Illumination Functions
In 3-D computer graphics, techniques exist that attempt to capture the way in which light interacts in the real world. Such techniques may take into account, at locations on a surface in a scene, the light that comes directly from a light source (direct lighting, or direct illumination), and light rays from one or more light sources reflected by other surfaces in the scene (indirect illumination) to determine global illumination for the locations. A reflectance function may be applied to a surface to determine reflectance at locations of the surface; this reflectance may, for example, be used in determining indirect illumination at locations of the scene. Given a direction from a perspective point, and given incoming light from another direction or directions, a reflectance function may determine how much light is reflected from a surface towards the perspective point. An example of a reflectance function is the bidirectional reflectance distribution function (BRDF).
Environment Maps
In computer graphics, it is common to have functions that need to be represented or defined over a sphere, or a space. For example, a user might want to load an image and have it wrapped over a sphere, and assume that the image is lighting a scene within the sphere. A function may encode, at every pixel location in the scene, the intensity of light that is coming in from the environment represented by the image. The wrapped image may be referred to as an environment map. In this example, the environment map is used for lighting the scene within the sphere. However, environment maps may be used for other purposes than lighting in computer graphics, and other functions than a lighting function may be used with environment maps.
There may be various techniques to approximate these functions over a sphere. For example, the function may be given a direction, represented by the azimuth and polar angle, around the sphere. The function returns a value for the input direction. In the case of a lighting function, for a given azimuth and polar angle on the environment map, the function returns an intensity. In the case of a pixel representation with multiple channels, e.g. RGB pixels, the function may be applied separately to each pixel channel, e.g. to R, G and B separately for RGB pixels.
Work has been done on compressing, encoding, and representing these spherical signals or functions defined over a sphere. Two such representations are spherical harmonics and wavelets.
Spherical Harmonics
Spherical harmonics are a frequency-space basis for representing functions defined over a sphere. Spherical harmonics have been studied extensively, and have widespread applicability to many physical problems ranging from atomic electron configurations in physical chemistry, to the representation of gravitational and magnetic fields of planetary bodies in geodesy. Spherical harmonics also appear in quantum mechanics as the solutions of the Schrödinger equation in spherical coordinates.
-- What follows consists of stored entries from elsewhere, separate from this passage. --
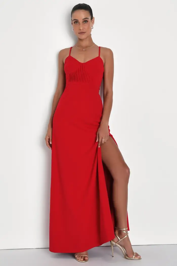 -Vestido largo rojo con corpiño sin mangas plisado
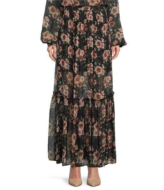 IRO Luano Coordinating Woven Floral Print Ruffle Maxi Skirt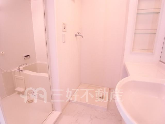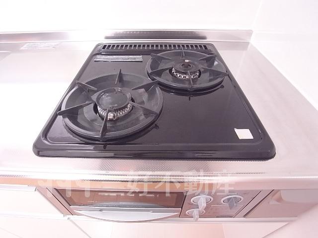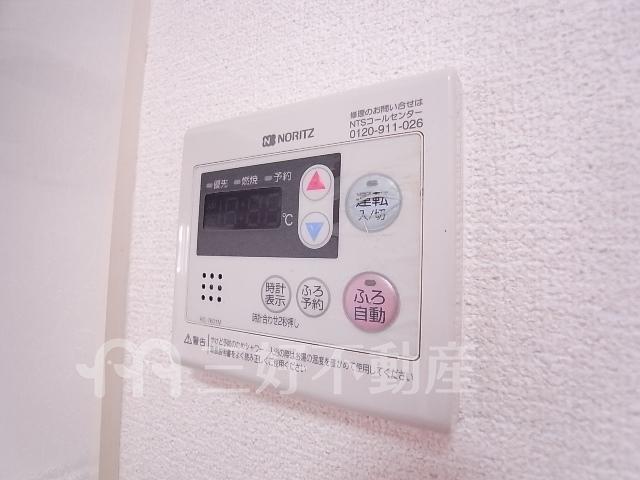 | 設備(共用) | オートロック、駐輪場、排水公共下水接続済、電気 | 設備(専有) | BS放送、TVドアホン、TVモニタ付インターフォン、ウォークインクローゼット、追い焚き、プロパンガス、システムキッチン、給湯、クローゼット、コンロガスコンロ付、コンロ口数二口、シャワー、シャワートイレ、シャンプードレッサー、シューズボックス、収納、バストイレ別、洗濯機置き場室内有り、洗面所、独立洗面台、トイレ専用(水洗)、トイレ数一基、バルコニー、バス専用、フローリング、エアコン、脱衣所、暖房便座、洗面台、カウンターキッチン、消防設備火災報知器、地上デジタル放送、火災警報器(報知機)、メールBOX |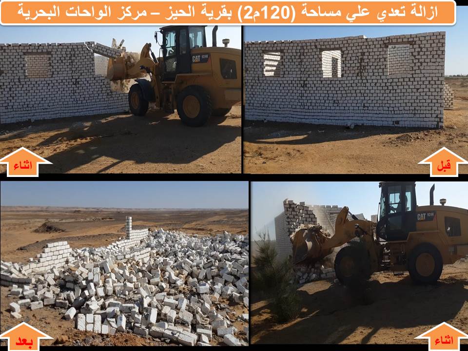 واطلع محافظ الجيزة على جهود مركز الواحات البحرية فى إزالة تعدىات على الأراضي املاك الدولة بقري منديشة والقصر والحارة والحيز وايضا ازالة تعدي علي ارض الأستثمار بمنطقة الهفوف حيث شملت الحملة إزالة منشأت غير مسقوفة ومنشآت واسوار من بلوك الحجر الجيري بارتفاعات مختلفة بالإضافة الي إزالة استراحات مقامه بالمخالفة كما تم ازالة غرف مكتملة البناء واخري مسقوفة بالخشب بمنطقة الحيز والباويطي وذلك بمساحات إجمالية بلغت (385 فدان زراعي 6326م2 مباني ).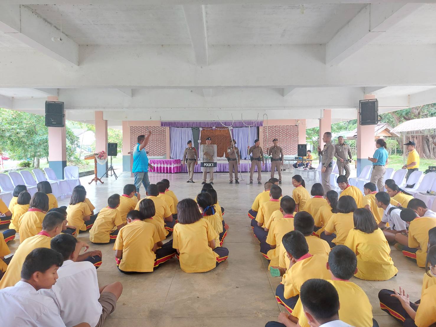 วันศุกร์ ที่ 5 กรกฎาคม 2567 เวลา 13.30 น. ภายใต้การอำนวยการของ พ.ต.อ.ณธรรศกร เกตุขาว ผกก.สภ.ป่าพะยอม มอบหมายให้ พ.ต.ท.สุรชาติ บุญโรจน์พงศ์ รอง ผกก.ป.สภ.ป่าพะยอม เป็นวิทยากรบรรยายซักซ้อมแผนเผชิญเหตุ “หนี ซ่อน สู้” โดยมี พ.ต.ท.กิตติพัศ คงศรีทอง สวป.ฯ พร้อมด้วย ร.ต.อ.ศิริพงศ์ พรหมแก้ว ปฏิบัติหน้าที่ ร้อยเวร 20 ,ชป.สายตรวจรถยนต์ ,สายตรวจจราจร ,สายตรวจตำบลลานข่อย ,ชุด ชมส. คณะครูและนักเรียนโรงเรียนนิคมควนขนุนวิทยา ร่วมซักซ้อมแผนเผชิญเหตุ “หนี ซ่อน สู้” ณ โรงเรียนนิคมควนขนุนวิทยา ม.1 ต.ลานข่อย อ.ป่าพะยอม จว.พัทลุง

In computer graphics, many quantities are naturally defined over the spherical or hemispherical domain, making spherical harmonics a natural basis for these computations. Furthermore, spherical harmonics have many convenient properties that lead to efficient implementations for convolutions, rotations, and double product integrals. Consequently, spherical harmonics have found recent popularity in computer graphics in the area of precomputed radiance transfer (PRT) techniques, and have also been used heavily in related domains such as radiative transfer. These properties and operations of spherical harmonics in the prior art are summarized in the table illustrated in FIG. 1, which summarizes and compares capabilities of spherical harmonics and Haar wavelets according to prior art.
Wavelets
Another class of basis functions that may be used in computer graphics is wavelets. Whereas spherical harmonics decompose functions into independent frequency bands, wavelets hierarchically decomposing functions into components that are localized in both frequency and space. Due to their simplicity, Haar wavelets have received much attention in computer graphics research. Haar wavelets, for example, have been successfully applied to PRT and radiosity computation. Furthermore, Haar wavelets support efficient sampling using a simple hierarchical warping technique.
Haar wavelets and spherical harmonics share many of the same strengths. FIG. 1 shows a table that summarizes and compares capabilities of spherical harmonics and Haar wavelets according to the prior art. Haar wavelets can more efficiently approximate high-frequency functions; however, they do not support efficient rotations and may produce distracting aliasing artifacts. Spherical harmonics, on the other hand, support efficient rotation and are efficient for representing low-frequency functions. Spherical harmonics do not suffer from the same aliasing artifacts as Haar wavelets but instead exhibit error in the form of “ringing”.
Importance Sampling
Generating samples according to the intensity distribution of a function is a useful operation in many disciplines. In Monte Carlo techniques, this takes the form of importance sampling and can be used to significantly reduce variance in numerical integration. Importance sampling techniques also have widespread use outside of Monte Carlo rendering. For example, importance sampling techniques can be used in non-photorealistic rendering, artificial stippling, and procedural geometry placement. It may be beneficial to also enforce certain quality measures on the resulting sample distribution in order to reduce variance further or simply to obtain more visually pleasing distributions.
Mip Maps
In computer graphics, a mip map (also referred to as MIP map or mipmap) is a technique for storing multiple resolutions of a single image. Typically this includes the original high-resolution image, plus successive copies of the image reduced in resolution by a factor of 2 in each dimension. This collection of images forms an “image-pyramid” where the level in the pyramid determines the resolution and level-of-detail of the image.